» **Listed records**:
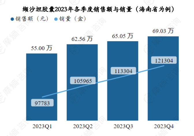 据摩熵医药药物流向数据显示,以海南省为例,缬沙坦胶囊2023年各季度销售量和销售额如下图:
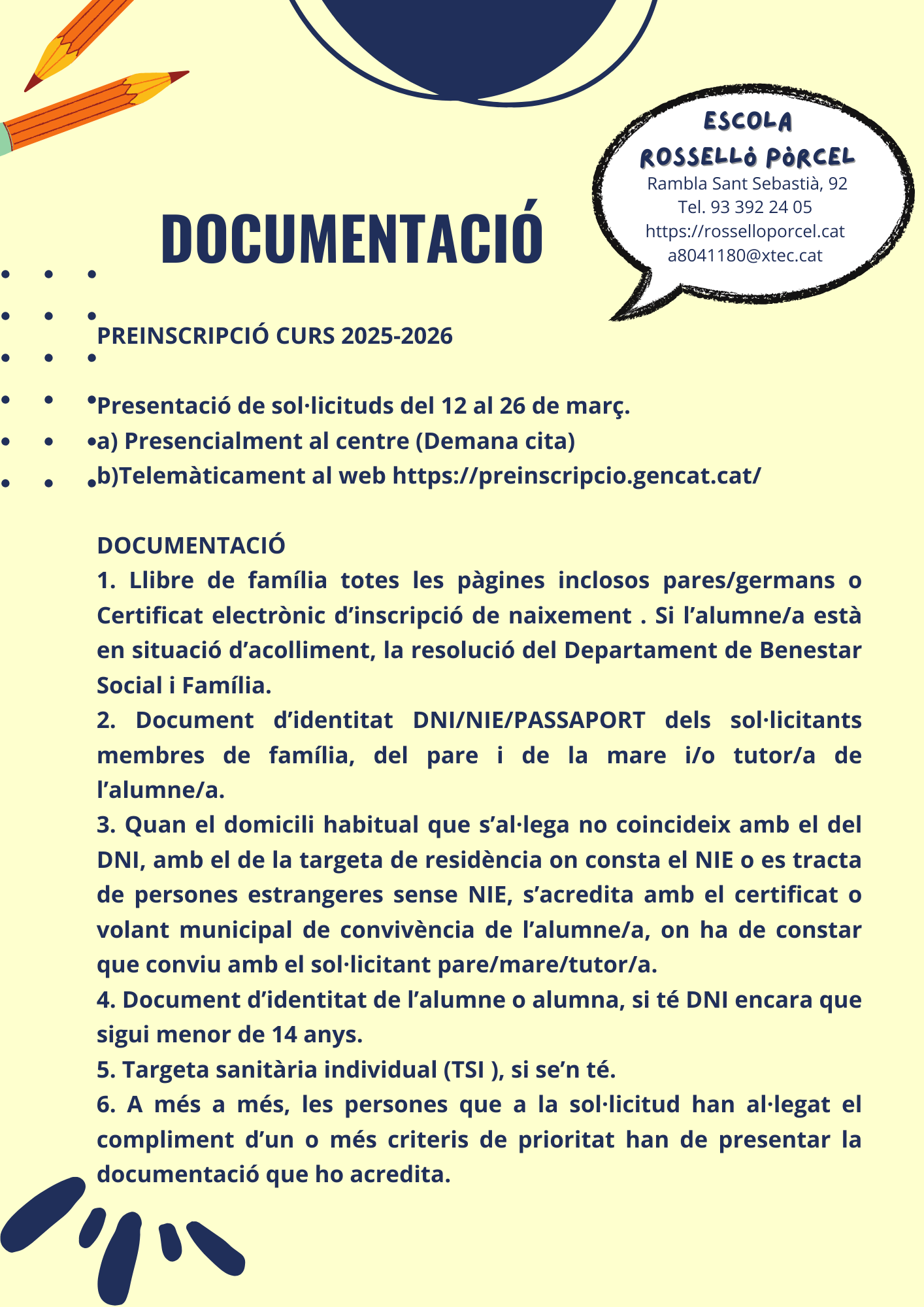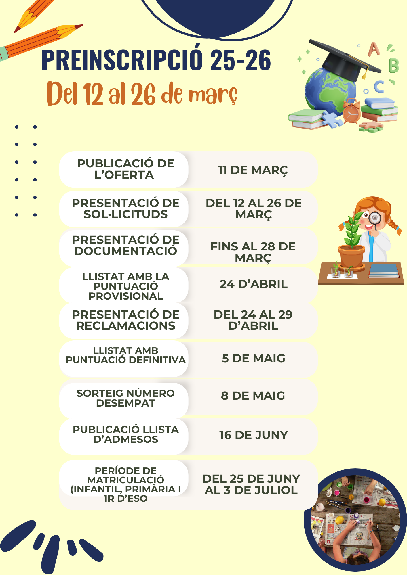 Benvolgudes famílies, us deixem el calendari de la preinscripció del curs 2025-2026.
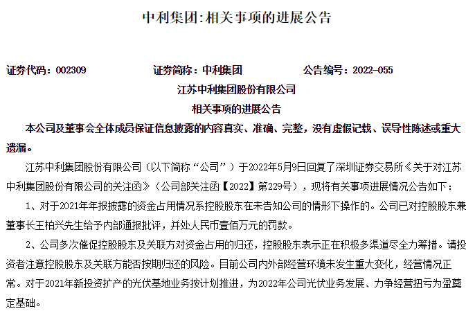 针对深交所关注函有关事项进展情况,中利集团公告称,对于2021年年报披露的资金占用情况系控股股东在未告知公司的情形下操作的。公司已对控股股东兼董事长王柏兴给予内部通报批评,并处100万元的罚款。
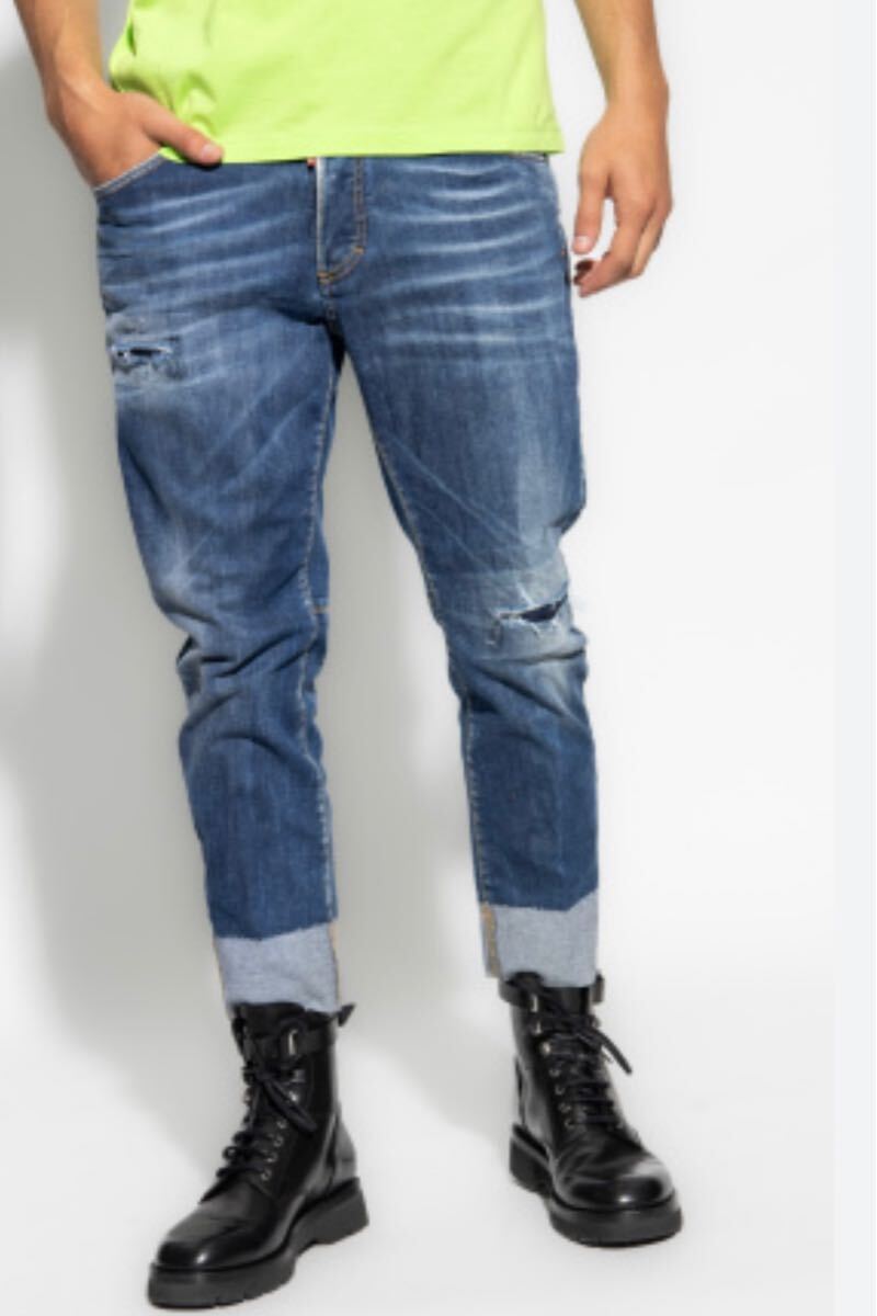 緩めのテーパードシルエットの8部丈デニムになります。
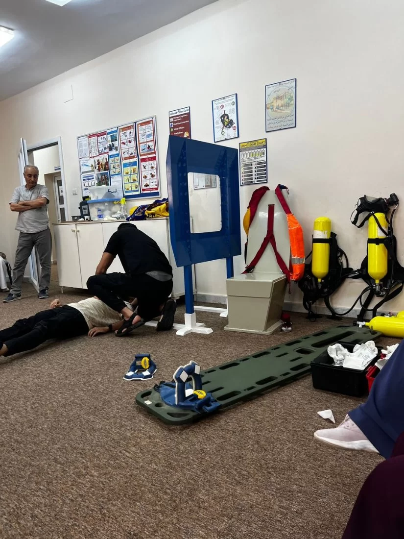 في ضوء تطبيق العملي لمادة السلامة البحرية قام طلبة قسم الهندسة البحرية والمنصات العائمة بإجراء تطبيق عملي بما تم دراسته من اسعافات أولية ومكافحة الحرائق ومعدات السلامة علي ظهر السفن والمنصات العائمة وذلك تم في مركز السلامة البحرية في منطقة نجيلة حيث أجرو تجارب محاكاة لعملية إخلاء علي ظهر السفن وعملية مكافحة الحرائق و ايضا الانقاذ البحري بالاضافة الي تطبيق عملي للإسعافات الأولية وكيفية التعامل معاها في حالة حدوث الكوارث والحرائق علي ظهر السفن.
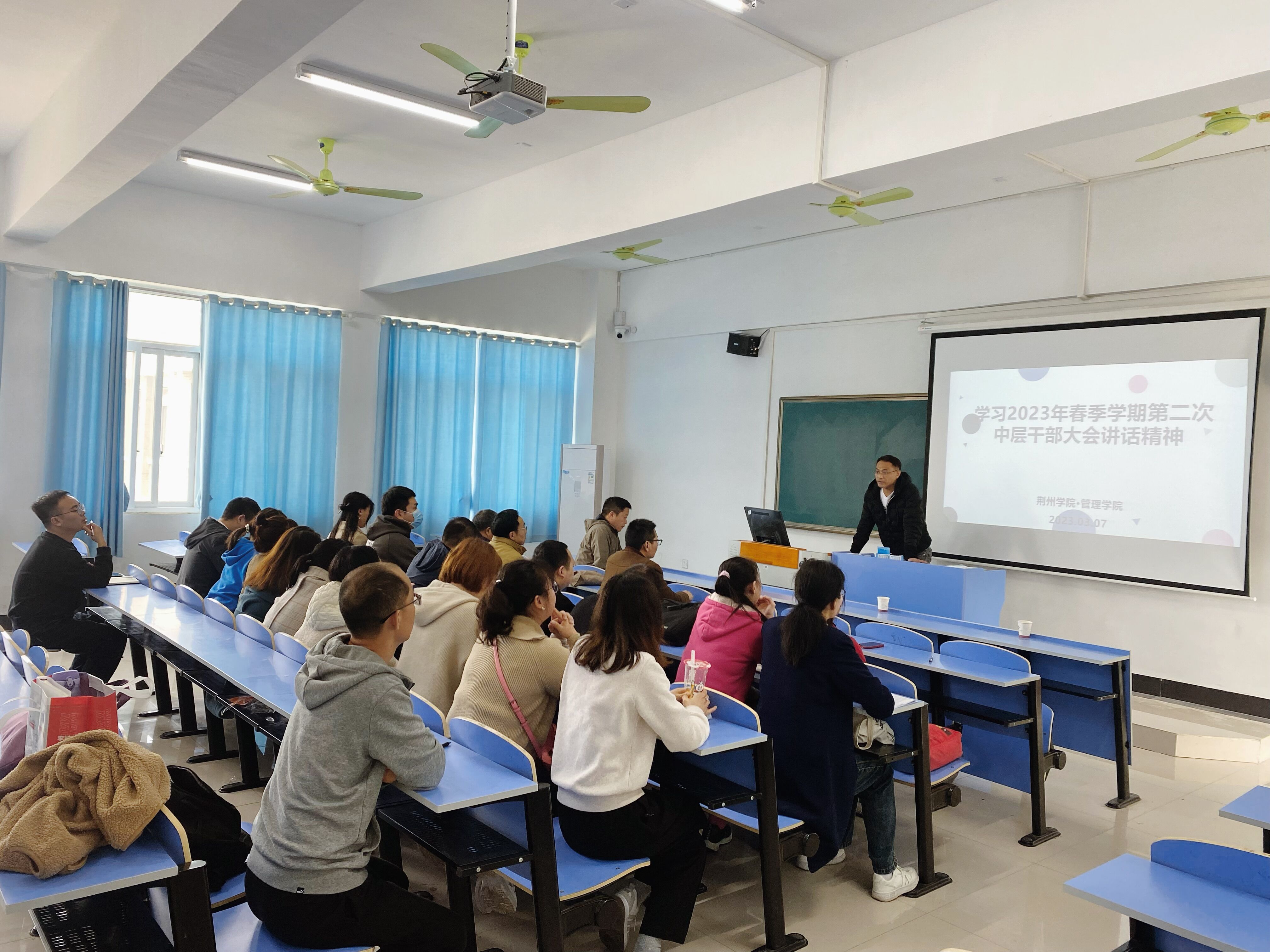本网讯 3月7日中午,管理学院在J6408教室组织分院全体教职工集中学习了学校2023年春季学期第二次中层干部会议讲话精神,会议由管理学院副院长徐晓晗主持,管理学院党总支副书记冯尧及分院全体教师和辅导员参加了会议。
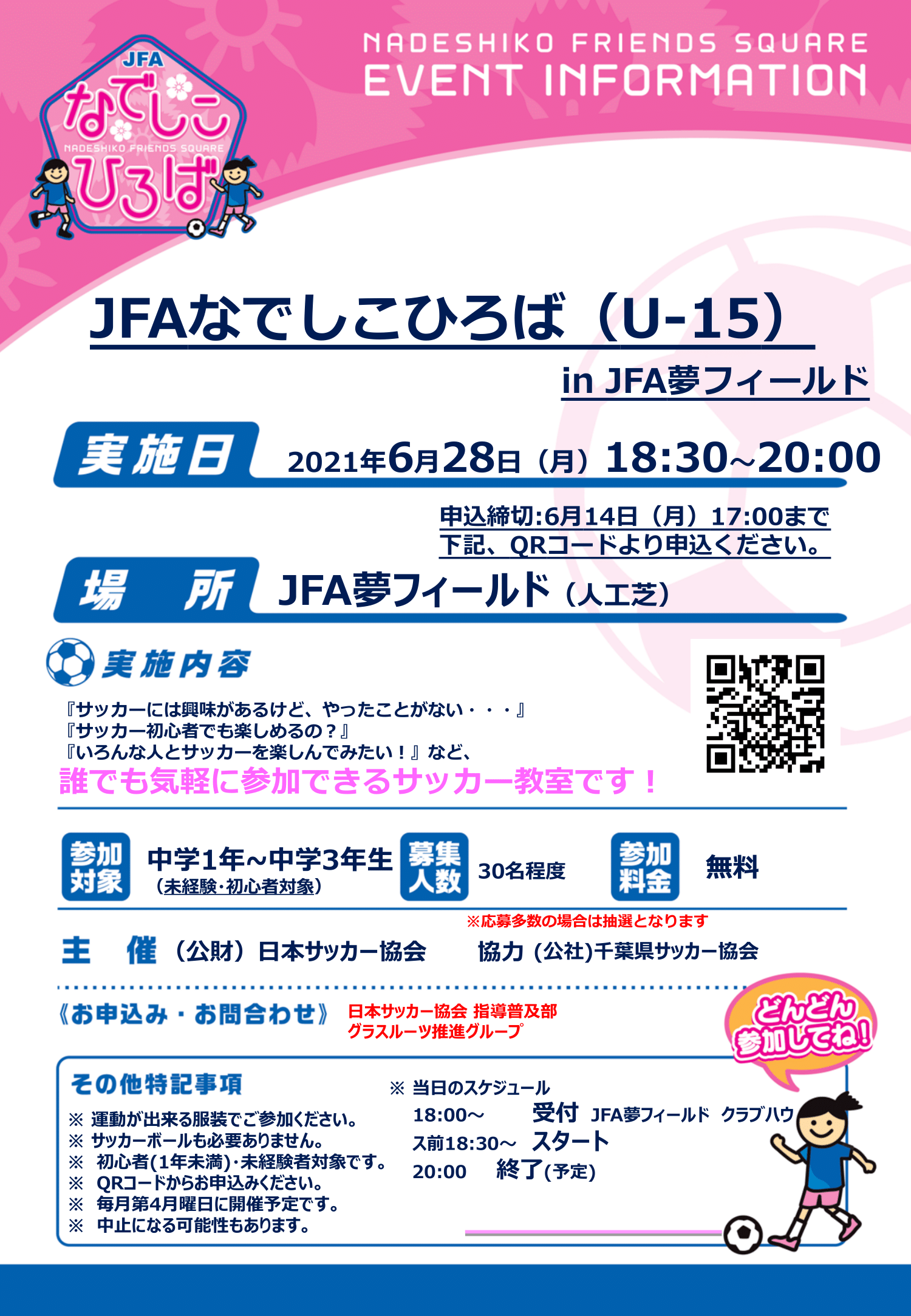 ※6月28日(月)に開催を予定しておりました「JFAなでしこひろば」は、新型コロナウイルス感染拡大状況を鑑み、中止することといたしました。イベントを楽しみにしてくださっていた皆様には大変申し訳ございませんが、何卒ご理解いただきますようお願いいたします。

» **Exercise**: The task calls for every line of the data to be returned exactly, without pictures.

» **The completed task**:
 据摩熵医药药物流向数据显示,以海南省为例,缬沙坦胶囊2023年各季度销售量和销售额如下图:
 Benvolgudes famílies, us deixem el calendari de la preinscripció del curs 2025-2026.
 针对深交所关注函有关事项进展情况,中利集团公告称,对于2021年年报披露的资金占用情况系控股股东在未告知公司的情形下操作的。公司已对控股股东兼董事长王柏兴给予内部通报批评,并处100万元的罚款。
 緩めのテーパードシルエットの8部丈デニムになります。
 في ضوء تطبيق العملي لمادة السلامة البحرية قام طلبة قسم الهندسة البحرية والمنصات العائمة بإجراء تطبيق عملي بما تم دراسته من اسعافات أولية ومكافحة الحرائق ومعدات السلامة علي ظهر السفن والمنصات العائمة وذلك تم في مركز السلامة البحرية في منطقة نجيلة حيث أجرو تجارب محاكاة لعملية إخلاء علي ظهر السفن وعملية مكافحة الحرائق و ايضا الانقاذ البحري بالاضافة الي تطبيق عملي للإسعافات الأولية وكيفية التعامل معاها في حالة حدوث الكوارث والحرائق علي ظهر السفن.
本网讯 3月7日中午,管理学院在J6408教室组织分院全体教职工集中学习了学校2023年春季学期第二次中层干部会议讲话精神,会议由管理学院副院长徐晓晗主持,管理学院党总支副书记冯尧及分院全体教师和辅导员参加了会议。
 ※6月28日(月)に開催を予定しておりました「JFAなでしこひろば」は、新型コロナウイルス感染拡大状況を鑑み、中止することといたしました。イベントを楽しみにしてくださっていた皆様には大変申し訳ございませんが、何卒ご理解いただきますようお願いいたします。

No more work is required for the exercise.